Task directions → Copy down the listing below exactly. Do not include pictures.

Data to examine →
──────
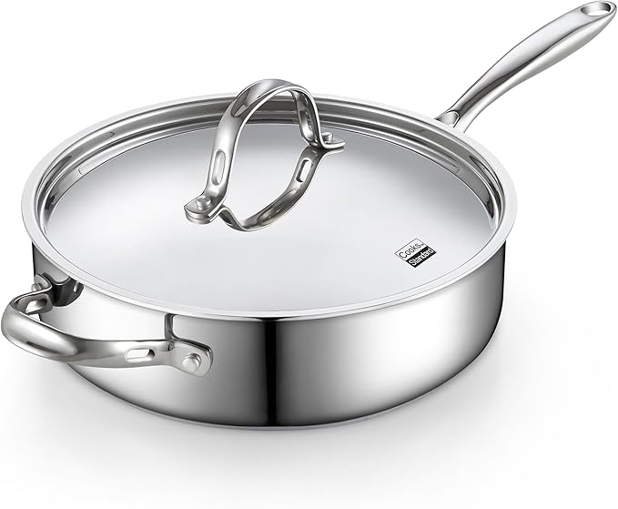 Cooks Standard 4-Quart Stainless Steel Sauté Pan with Lid, 10.5-inch Deep Frying Pan Induction Cookware, Oven Safe Large Skillet Jumbo Cooker with Stay-Cool Helper Handle
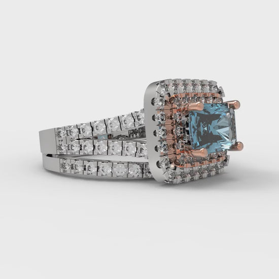 3.05 cttw Emerald Cut Simulated Blue Diamond Bridal Set - Solid White/Rose Gold Engagement Ring & Wedding Band
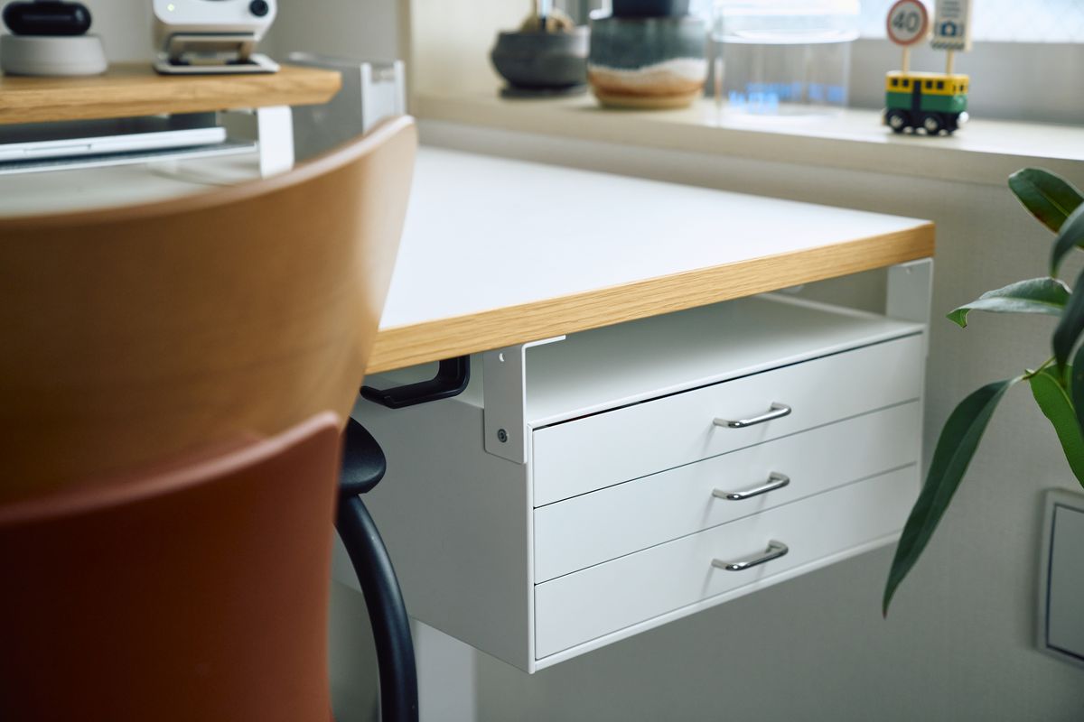 ▲プレダクツの昇降式デスクに引き出しモジュールを取り付けて、小物類を収納している
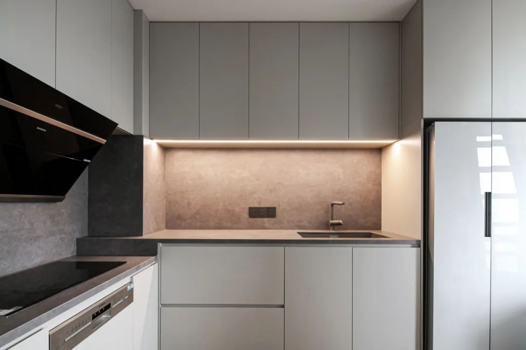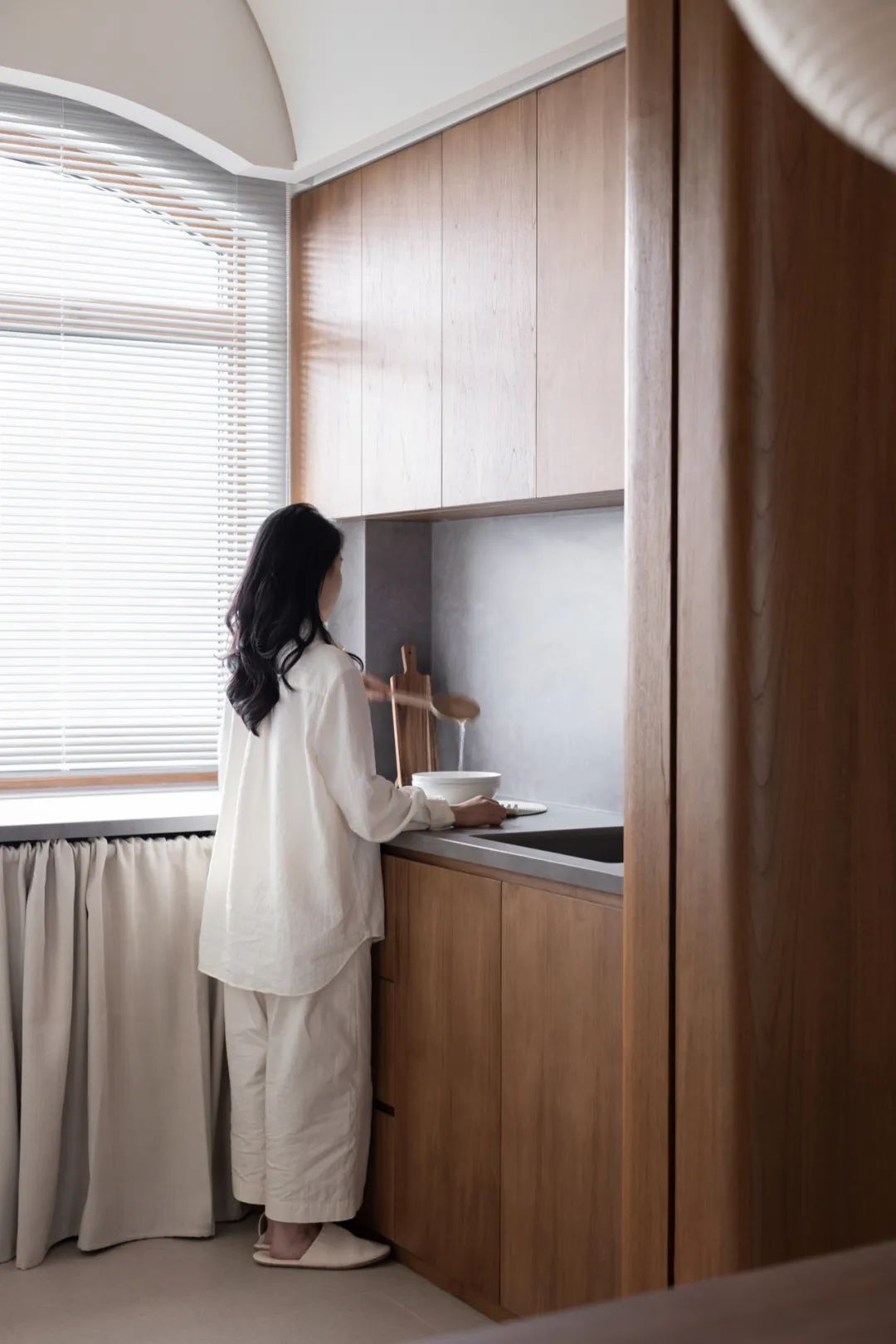 简洁干净的中厨,没有夸张的色彩和过多的装饰,但有着分寸必争的收纳空间。橱柜选用厨房中的常用色白色,与一旁西厨的木色搭配清新自然,营造出惬意温馨的厨房空间。
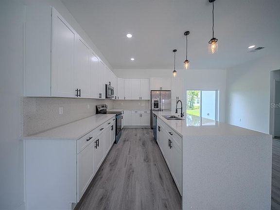 ** Seller is offering closing costs as incentive!** MOVE-IN READY**This stunning home, located on a spacious lot has 4 bedrooms, 2 bathrooms and 1 half-bathroom, large living room with open concept kitchen, equipped with stainless steel appliances including a range, refrigerator, garbage disposal, dishwasher, and microwave, as well as an island and ample cabinet space, perfect for hosting large family gatherings. Rooms are spacious and comfortable, which allows for seamless flow and natural light throughout the home. The house has several upgrades, such as vinyl flooring, floor to ceilings tiles on bathrooms and lanai with space for outdoor kitchen. With a two-car garage, in addition to being more spacious, has a greater height than standard. It is a perfect place to live or invest.
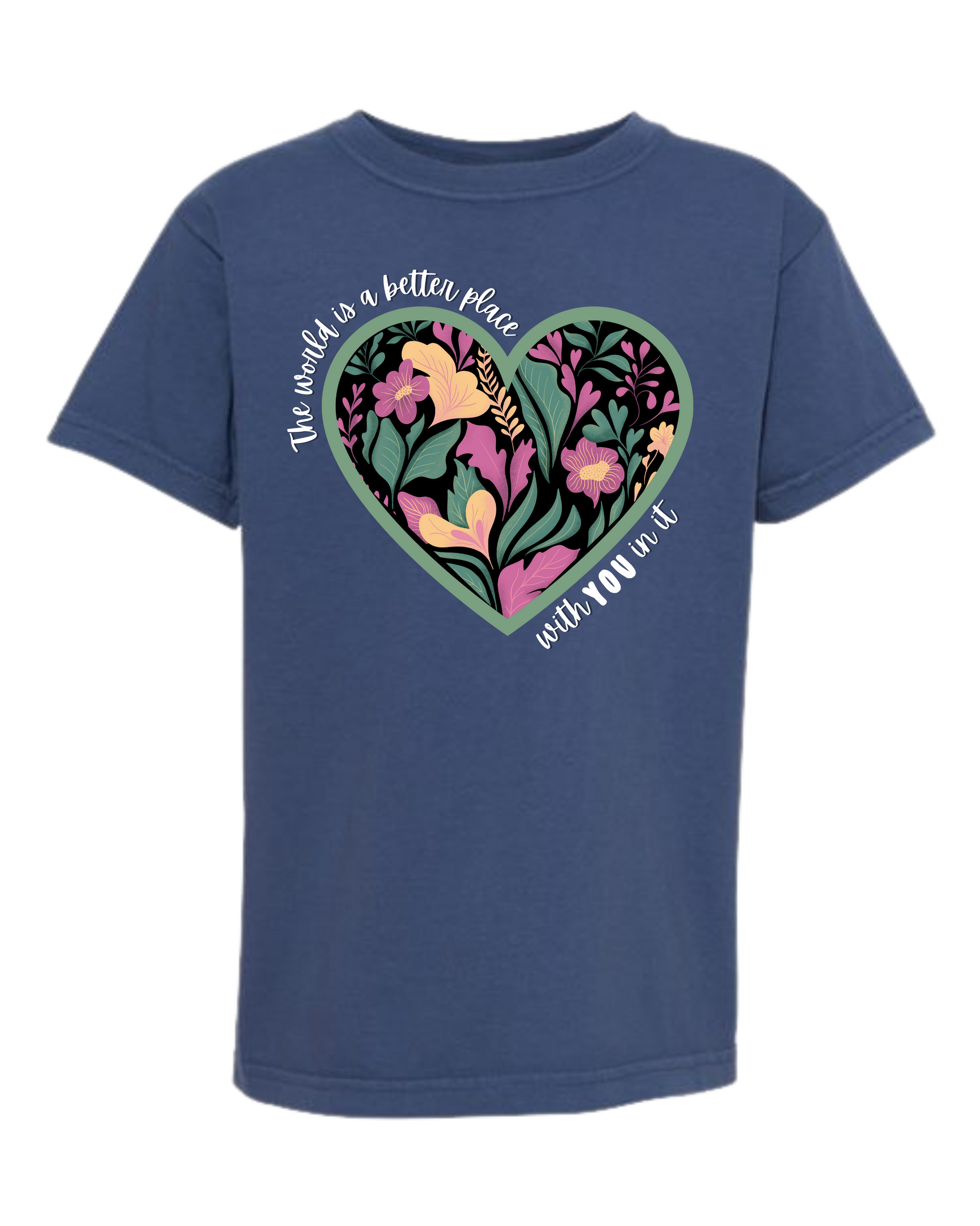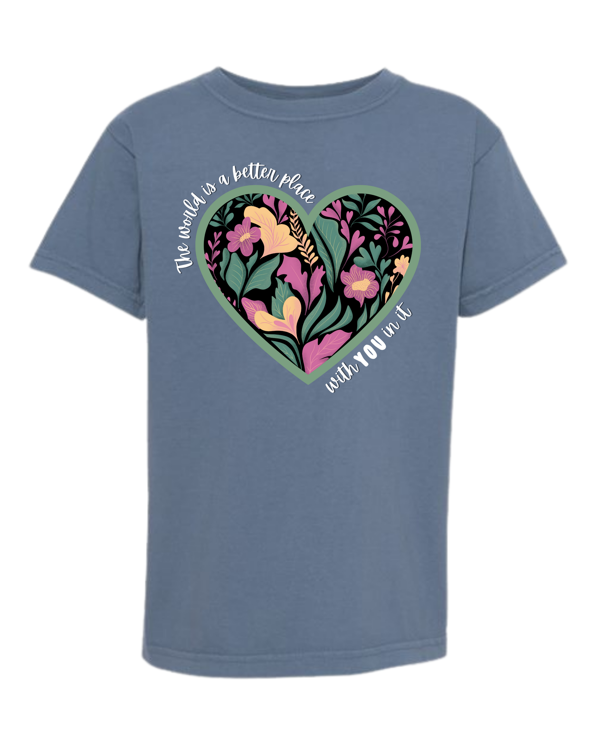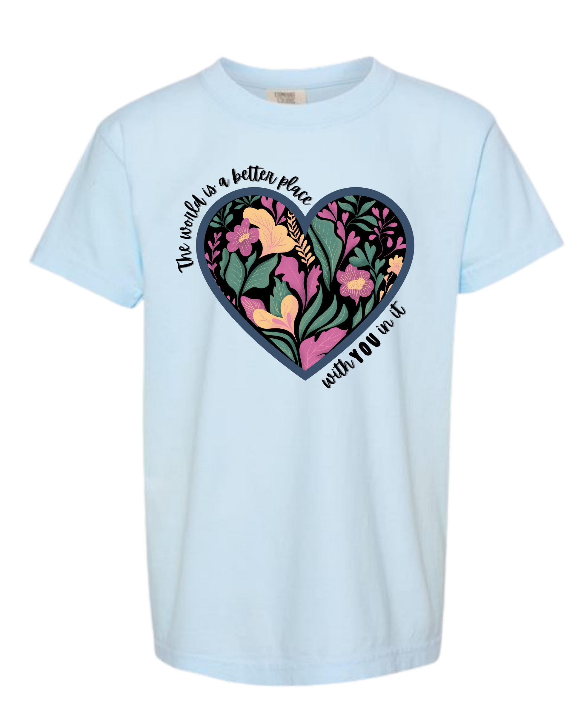 The World Is A Better Place With YOU In It - Comfort Colors - Heavyweight Youth Tee - Neutral Colors & Blues
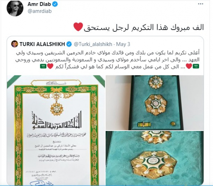 وغرد "عمرو"، عبر "تويتر" مهنئًا "آل الشيخ" قائلًا: " ألف مبروك هذا التكريم لرجل يستحق".
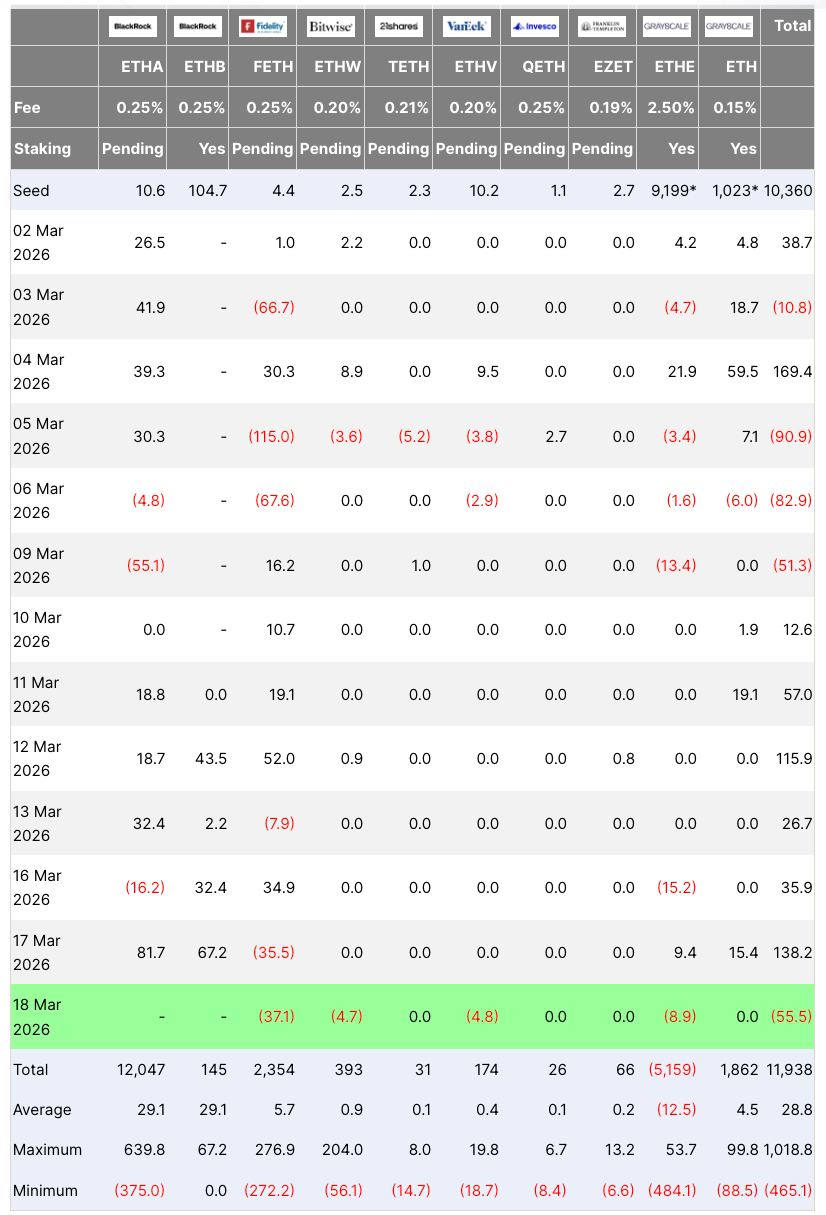 以太坊下跌之际,美国现货以太坊交易所交易基金出现新一轮抛售。数据显示,相关基金周三录得超5550万美元净流出,连续六日的资金流入趋势由此中断。
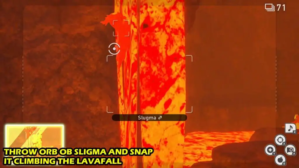 - It’ll then start climbing the Lavafall. Snap a photo to fulfill the request.
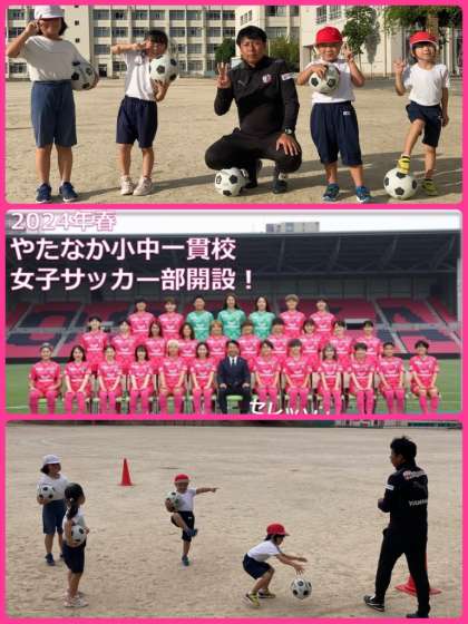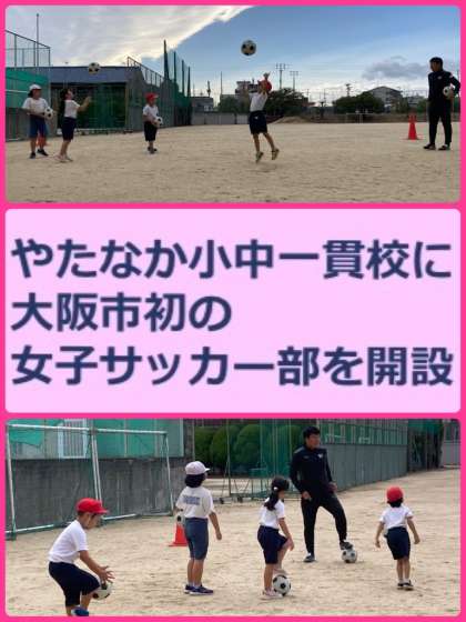 来年度、本校で大阪市初の女子サッカー部を開設いたします。開設にあたり、セレッソ大阪スポーツクラブのコーチに練習を指導していただくことになりました。火曜日と木曜日の部活動前の15時15分〜15時45分の30分間は、小学校1・2年生を対象とした練習指導です。初練習では4名の児童が参加してくれました。
──────
Solution to this task →
 Cooks Standard 4-Quart Stainless Steel Sauté Pan with Lid, 10.5-inch Deep Frying Pan Induction Cookware, Oven Safe Large Skillet Jumbo Cooker with Stay-Cool Helper Handle
 3.05 cttw Emerald Cut Simulated Blue Diamond Bridal Set - Solid White/Rose Gold Engagement Ring & Wedding Band
 ▲プレダクツの昇降式デスクに引き出しモジュールを取り付けて、小物類を収納している
 简洁干净的中厨,没有夸张的色彩和过多的装饰,但有着分寸必争的收纳空间。橱柜选用厨房中的常用色白色,与一旁西厨的木色搭配清新自然,营造出惬意温馨的厨房空间。
 ** Seller is offering closing costs as incentive!** MOVE-IN READY**This stunning home, located on a spacious lot has 4 bedrooms, 2 bathrooms and 1 half-bathroom, large living room with open concept kitchen, equipped with stainless steel appliances including a range, refrigerator, garbage disposal, dishwasher, and microwave, as well as an island and ample cabinet space, perfect for hosting large family gatherings. Rooms are spacious and comfortable, which allows for seamless flow and natural light throughout the home. The house has several upgrades, such as vinyl flooring, floor to ceilings tiles on bathrooms and lanai with space for outdoor kitchen. With a two-car garage, in addition to being more spacious, has a greater height than standard. It is a perfect place to live or invest.
 The World Is A Better Place With YOU In It - Comfort Colors - Heavyweight Youth Tee - Neutral Colors & Blues
 وغرد "عمرو"، عبر "تويتر" مهنئًا "آل الشيخ" قائلًا: " ألف مبروك هذا التكريم لرجل يستحق".
 以太坊下跌之际,美国现货以太坊交易所交易基金出现新一轮抛售。数据显示,相关基金周三录得超5550万美元净流出,连续六日的资金流入趋势由此中断。
 - It’ll then start climbing the Lavafall. Snap a photo to fulfill the request.
 来年度、本校で大阪市初の女子サッカー部を開設いたします。開設にあたり、セレッソ大阪スポーツクラブのコーチに練習を指導していただくことになりました。火曜日と木曜日の部活動前の15時15分〜15時45分の30分間は、小学校1・2年生を対象とした練習指導です。初練習では4名の児童が参加してくれました。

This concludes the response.